Recap of DjangoConEurope 2017

"DjangoCon, why is everybody wearing this t-shirt?" wondered the security guys in the airport of Florence, Italy, in the beginning of April. The reason for that was DjangoCon Europe 2017 happening there for a week, full of interesting talks in an exciting location.

What I liked, was that the conference was not only about technical novelties in Django world, but also about human issues that programmers deal with in everyday life.

Interesting Non-tech Topics

According to a manifest, the conference had a goal to strengthen the Django community and to shape responsible attitude towards the works done with Django.
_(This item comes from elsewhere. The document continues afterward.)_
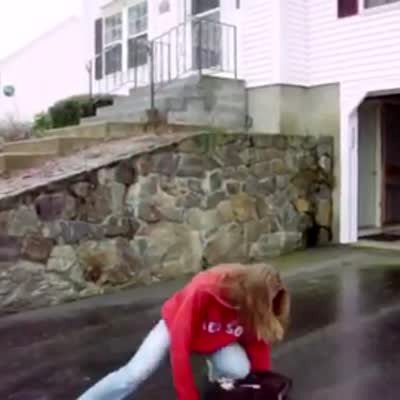 A woman laughs to hard she starts wheezing while watching a man try to keep his balance on an icy driveway then slips and falls onto his back.

Healthy and Successful Community

We have to build stronger communities including everyone who wants to participate without discrimination. Although, at first, it might be difficult as people have biases, i.e. prejudices for or against one person or group; by being emphatic we can accept and include everyone no matter what is their gender identity or expression, sexual orientation, ethnicity, race, neurodiversity, age, religion, disabilities, geographical location, food diversities, body size, or family status.

Valuing diversity and individual differences is the key for a healthy, positive and successful community, that empowers its members and helps them grow stronger and happier.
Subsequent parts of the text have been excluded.